-- Information provided follows --
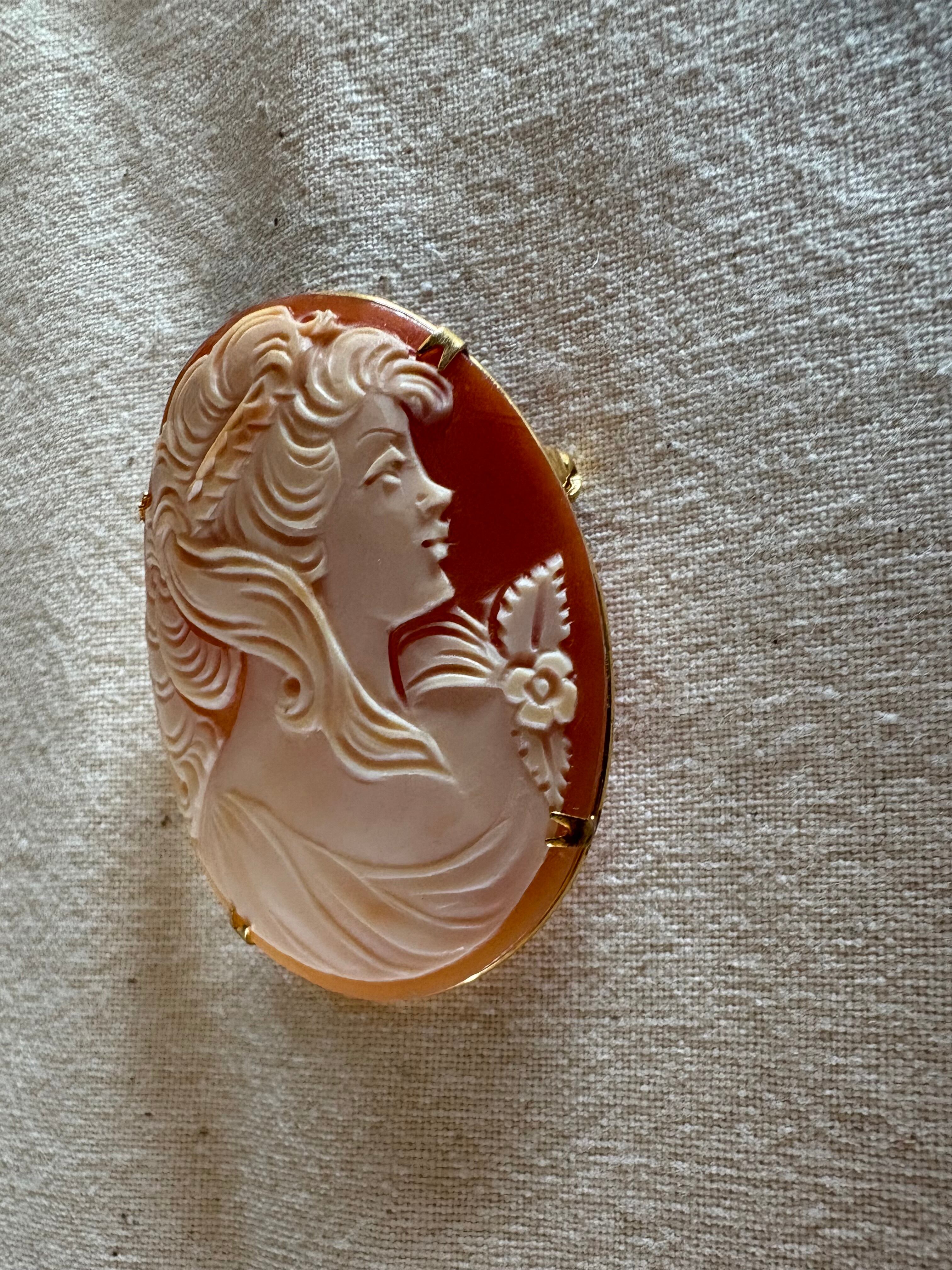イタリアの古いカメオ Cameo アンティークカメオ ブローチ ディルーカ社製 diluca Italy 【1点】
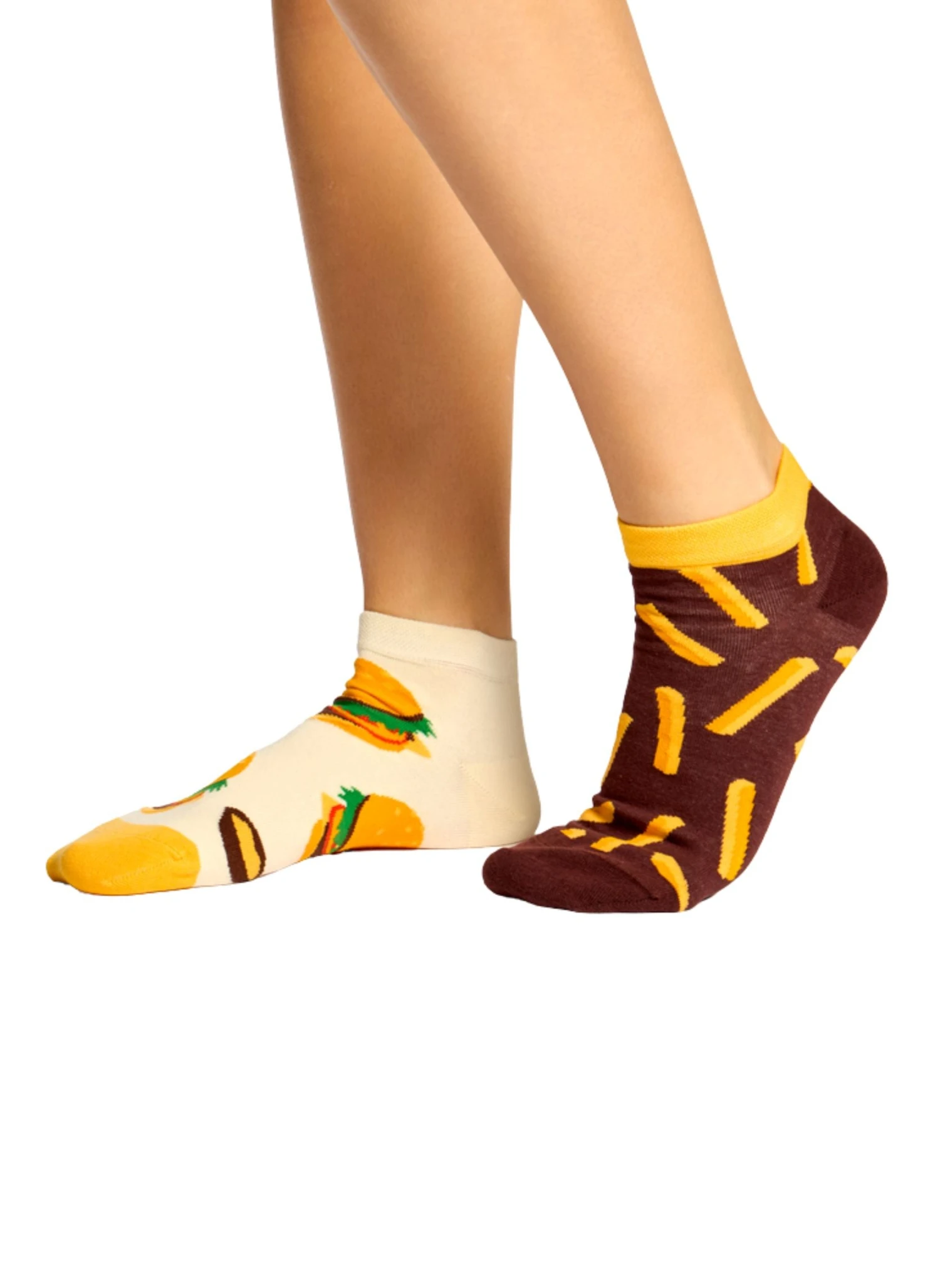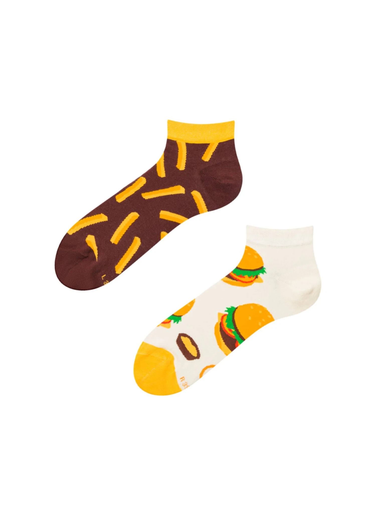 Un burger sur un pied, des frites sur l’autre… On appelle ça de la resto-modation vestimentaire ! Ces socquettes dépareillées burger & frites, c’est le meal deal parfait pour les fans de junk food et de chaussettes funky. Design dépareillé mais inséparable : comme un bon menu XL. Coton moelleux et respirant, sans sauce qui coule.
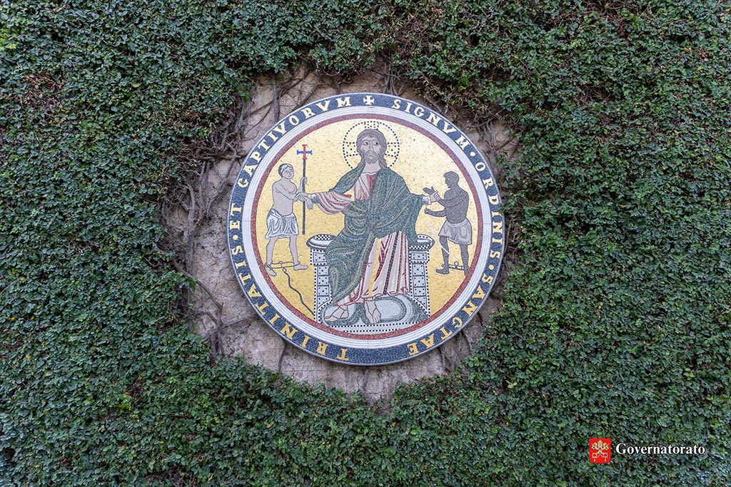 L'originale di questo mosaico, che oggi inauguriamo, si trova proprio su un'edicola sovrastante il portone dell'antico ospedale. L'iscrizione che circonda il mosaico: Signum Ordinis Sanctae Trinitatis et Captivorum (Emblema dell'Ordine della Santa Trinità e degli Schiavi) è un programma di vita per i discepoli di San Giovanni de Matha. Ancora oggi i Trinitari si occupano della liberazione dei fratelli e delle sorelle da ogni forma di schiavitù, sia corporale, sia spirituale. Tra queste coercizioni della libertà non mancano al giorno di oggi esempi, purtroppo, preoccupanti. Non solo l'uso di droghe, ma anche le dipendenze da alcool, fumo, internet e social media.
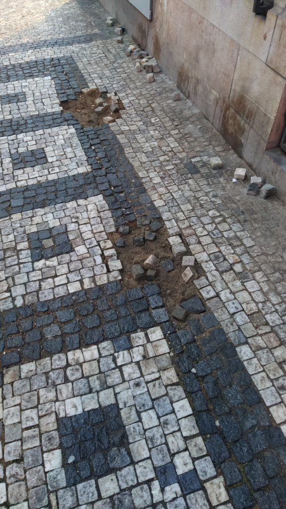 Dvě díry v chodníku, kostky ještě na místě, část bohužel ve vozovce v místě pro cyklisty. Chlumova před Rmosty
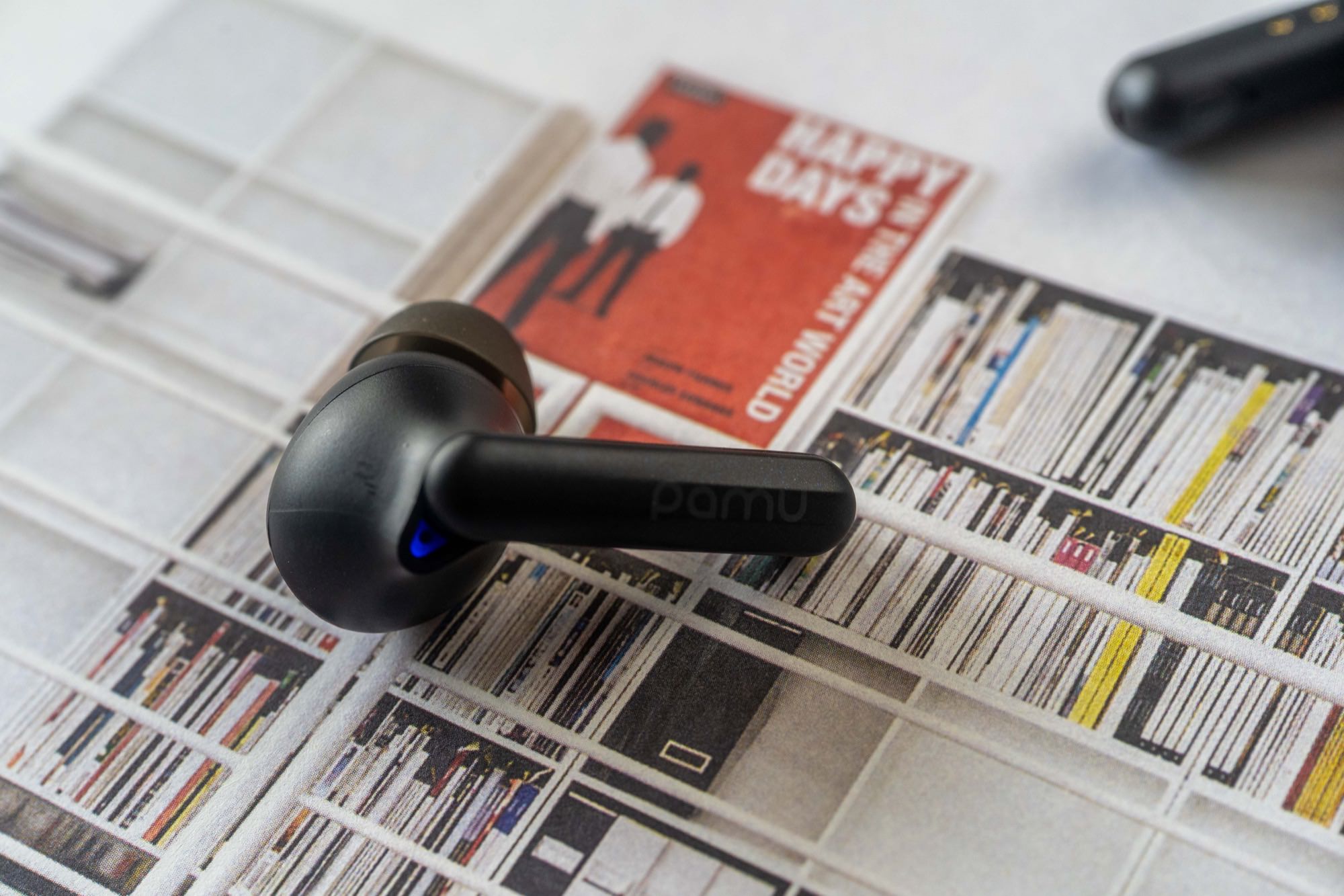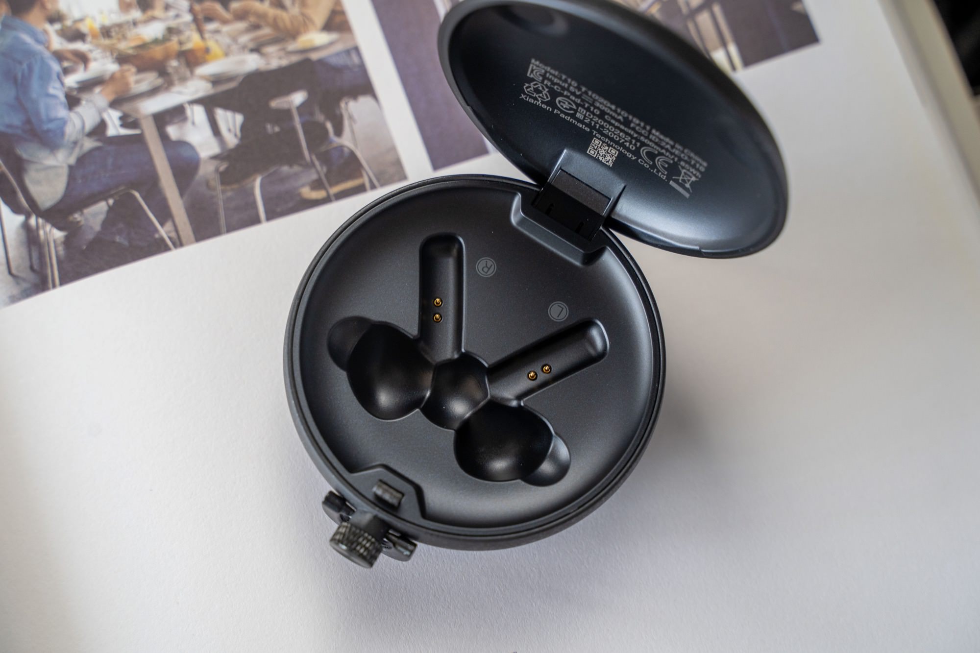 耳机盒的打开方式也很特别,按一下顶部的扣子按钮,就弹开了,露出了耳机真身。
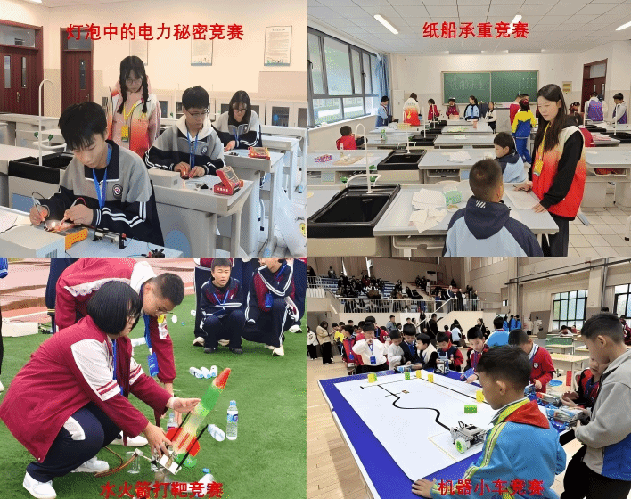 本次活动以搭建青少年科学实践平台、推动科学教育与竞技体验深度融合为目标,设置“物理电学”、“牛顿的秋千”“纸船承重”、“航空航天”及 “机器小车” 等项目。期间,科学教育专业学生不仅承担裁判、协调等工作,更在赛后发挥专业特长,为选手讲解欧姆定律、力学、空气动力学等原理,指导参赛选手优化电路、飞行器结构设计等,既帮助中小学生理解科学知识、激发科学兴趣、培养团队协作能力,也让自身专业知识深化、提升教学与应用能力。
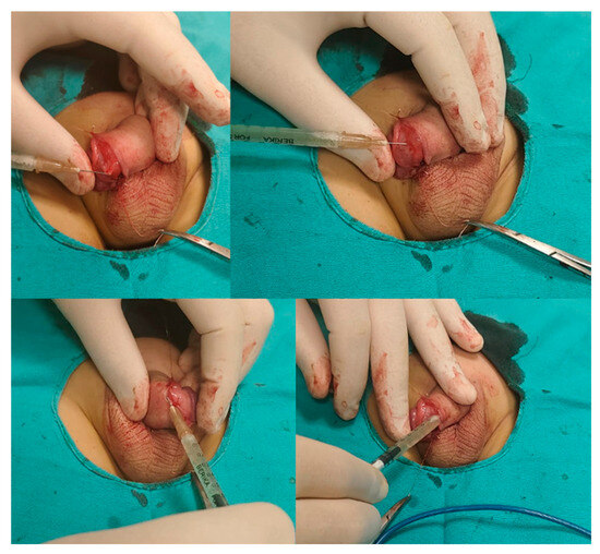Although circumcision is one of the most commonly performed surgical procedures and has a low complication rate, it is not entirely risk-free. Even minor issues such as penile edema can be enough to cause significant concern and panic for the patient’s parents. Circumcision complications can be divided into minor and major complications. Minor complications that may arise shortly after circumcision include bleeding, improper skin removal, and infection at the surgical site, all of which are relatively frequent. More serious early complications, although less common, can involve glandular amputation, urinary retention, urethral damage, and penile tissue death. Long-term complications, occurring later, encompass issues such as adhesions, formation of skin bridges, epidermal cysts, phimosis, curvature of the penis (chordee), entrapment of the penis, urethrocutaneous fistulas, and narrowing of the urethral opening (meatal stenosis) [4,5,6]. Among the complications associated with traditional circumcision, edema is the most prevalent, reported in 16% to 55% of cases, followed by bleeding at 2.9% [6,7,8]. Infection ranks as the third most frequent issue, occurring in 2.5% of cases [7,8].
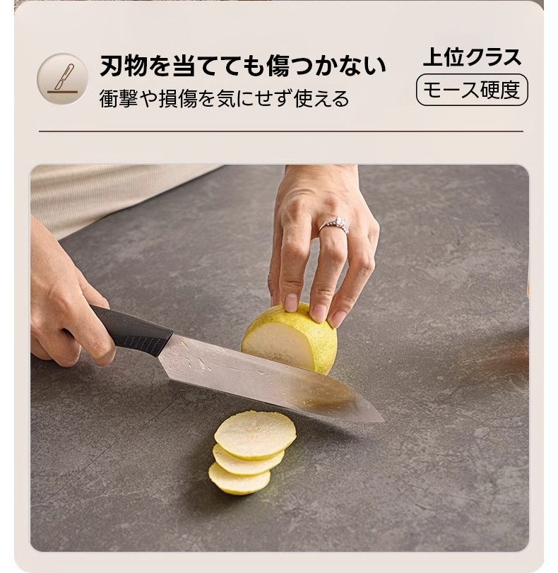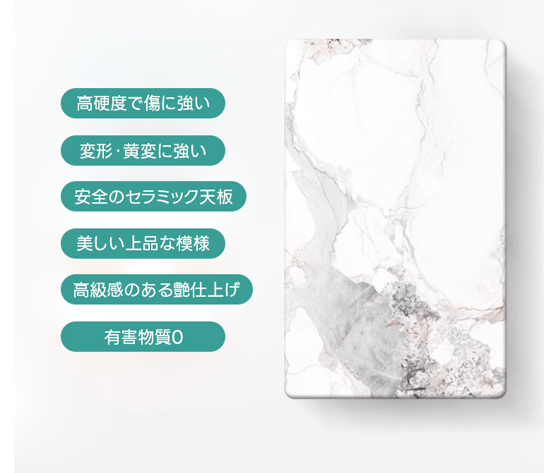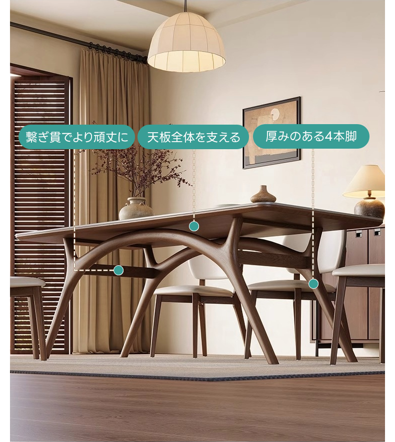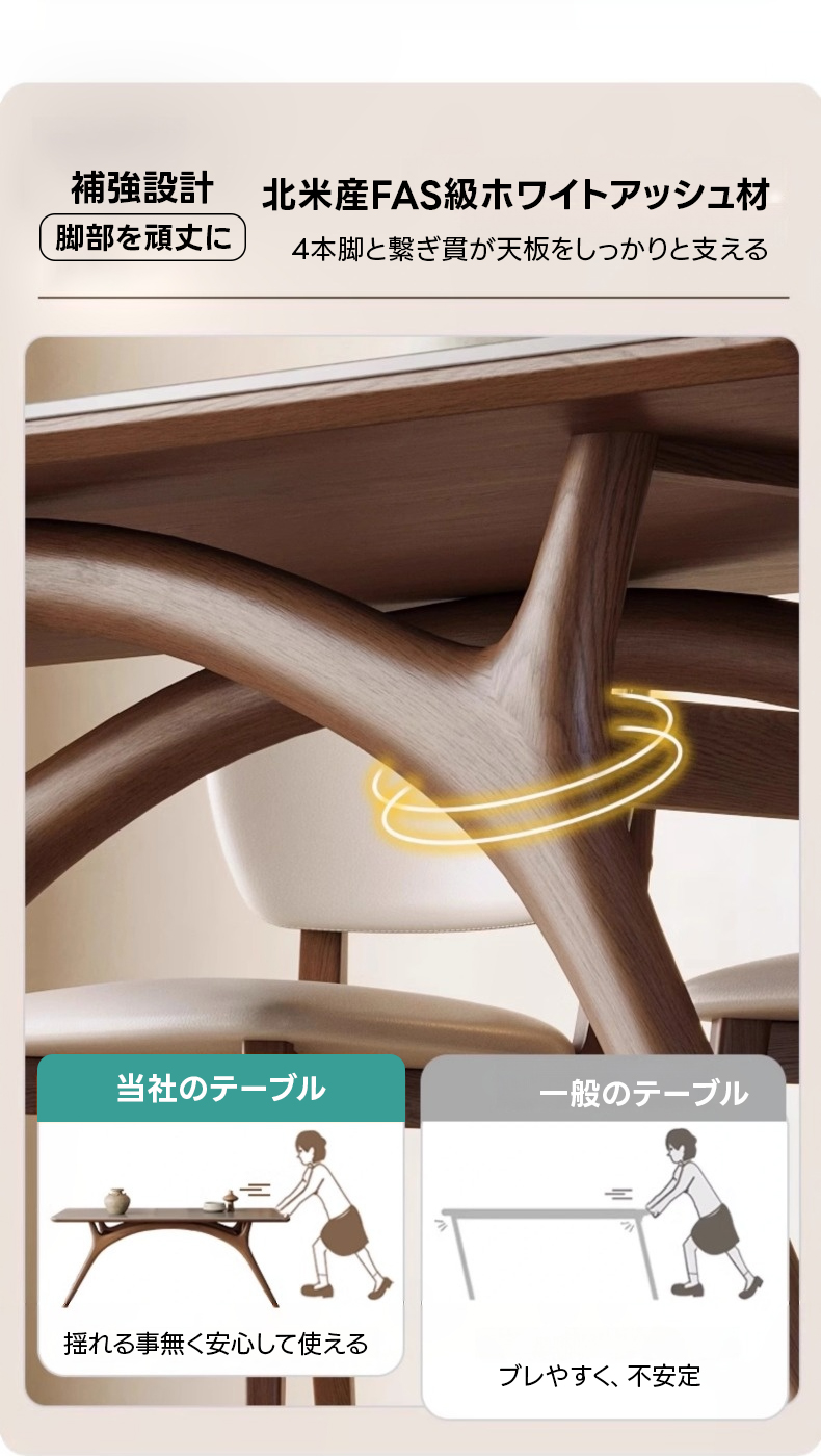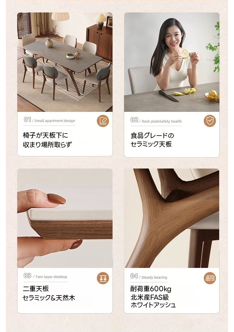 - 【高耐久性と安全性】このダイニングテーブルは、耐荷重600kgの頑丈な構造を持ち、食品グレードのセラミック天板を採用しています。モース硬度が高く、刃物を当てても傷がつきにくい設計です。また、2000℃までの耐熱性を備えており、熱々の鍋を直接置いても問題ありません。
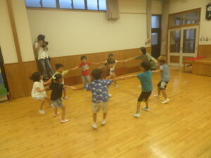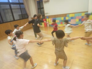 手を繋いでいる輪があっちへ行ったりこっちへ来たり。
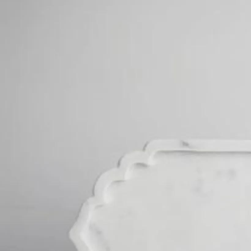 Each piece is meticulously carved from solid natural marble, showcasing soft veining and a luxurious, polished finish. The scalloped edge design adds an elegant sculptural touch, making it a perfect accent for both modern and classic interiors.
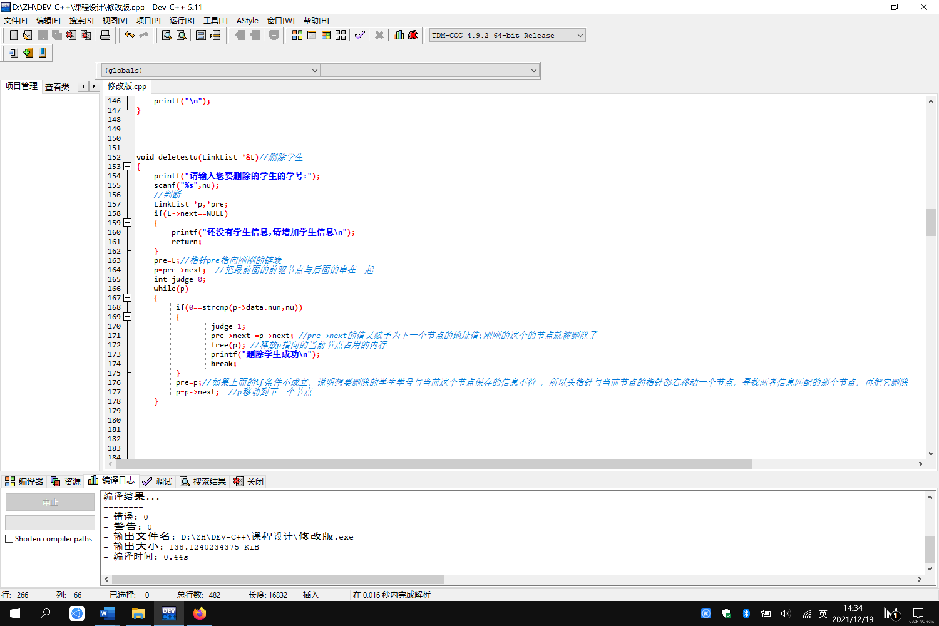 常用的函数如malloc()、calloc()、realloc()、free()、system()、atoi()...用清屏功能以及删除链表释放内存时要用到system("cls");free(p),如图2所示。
-- Information provided concluded --
=== Description of the task ===
Each entry must be retyped word for word, with every image omitted.

=== Written response ===
イタリアの古いカメオ Cameo アンティークカメオ ブローチ ディルーカ社製 diluca Italy 【1点】
 Un burger sur un pied, des frites sur l’autre… On appelle ça de la resto-modation vestimentaire ! Ces socquettes dépareillées burger & frites, c’est le meal deal parfait pour les fans de junk food et de chaussettes funky. Design dépareillé mais inséparable : comme un bon menu XL. Coton moelleux et respirant, sans sauce qui coule.
 L'originale di questo mosaico, che oggi inauguriamo, si trova proprio su un'edicola sovrastante il portone dell'antico ospedale. L'iscrizione che circonda il mosaico: Signum Ordinis Sanctae Trinitatis et Captivorum (Emblema dell'Ordine della Santa Trinità e degli Schiavi) è un programma di vita per i discepoli di San Giovanni de Matha. Ancora oggi i Trinitari si occupano della liberazione dei fratelli e delle sorelle da ogni forma di schiavitù, sia corporale, sia spirituale. Tra queste coercizioni della libertà non mancano al giorno di oggi esempi, purtroppo, preoccupanti. Non solo l'uso di droghe, ma anche le dipendenze da alcool, fumo, internet e social media.
 Dvě díry v chodníku, kostky ještě na místě, část bohužel ve vozovce v místě pro cyklisty. Chlumova před Rmosty
 耳机盒的打开方式也很特别,按一下顶部的扣子按钮,就弹开了,露出了耳机真身。
 本次活动以搭建青少年科学实践平台、推动科学教育与竞技体验深度融合为目标,设置“物理电学”、“牛顿的秋千”“纸船承重”、“航空航天”及 “机器小车” 等项目。期间,科学教育专业学生不仅承担裁判、协调等工作,更在赛后发挥专业特长,为选手讲解欧姆定律、力学、空气动力学等原理,指导参赛选手优化电路、飞行器结构设计等,既帮助中小学生理解科学知识、激发科学兴趣、培养团队协作能力,也让自身专业知识深化、提升教学与应用能力。
Although circumcision is one of the most commonly performed surgical procedures and has a low complication rate, it is not entirely risk-free. Even minor issues such as penile edema can be enough to cause significant concern and panic for the patient’s parents. Circumcision complications can be divided into minor and major complications. Minor complications that may arise shortly after circumcision include bleeding, improper skin removal, and infection at the surgical site, all of which are relatively frequent. More serious early complications, although less common, can involve glandular amputation, urinary retention, urethral damage, and penile tissue death. Long-term complications, occurring later, encompass issues such as adhesions, formation of skin bridges, epidermal cysts, phimosis, curvature of the penis (chordee), entrapment of the penis, urethrocutaneous fistulas, and narrowing of the urethral opening (meatal stenosis) [4,5,6]. Among the complications associated with traditional circumcision, edema is the most prevalent, reported in 16% to 55% of cases, followed by bleeding at 2.9% [6,7,8]. Infection ranks as the third most frequent issue, occurring in 2.5% of cases [7,8].
 - 【高耐久性と安全性】このダイニングテーブルは、耐荷重600kgの頑丈な構造を持ち、食品グレードのセラミック天板を採用しています。モース硬度が高く、刃物を当てても傷がつきにくい設計です。また、2000℃までの耐熱性を備えており、熱々の鍋を直接置いても問題ありません。
 手を繋いでいる輪があっちへ行ったりこっちへ来たり。
 Each piece is meticulously carved from solid natural marble, showcasing soft veining and a luxurious, polished finish. The scalloped edge design adds an elegant sculptural touch, making it a perfect accent for both modern and classic interiors.
 常用的函数如malloc()、calloc()、realloc()、free()、system()、atoi()...用清屏功能以及删除链表释放内存时要用到system("cls");free(p),如图2所示。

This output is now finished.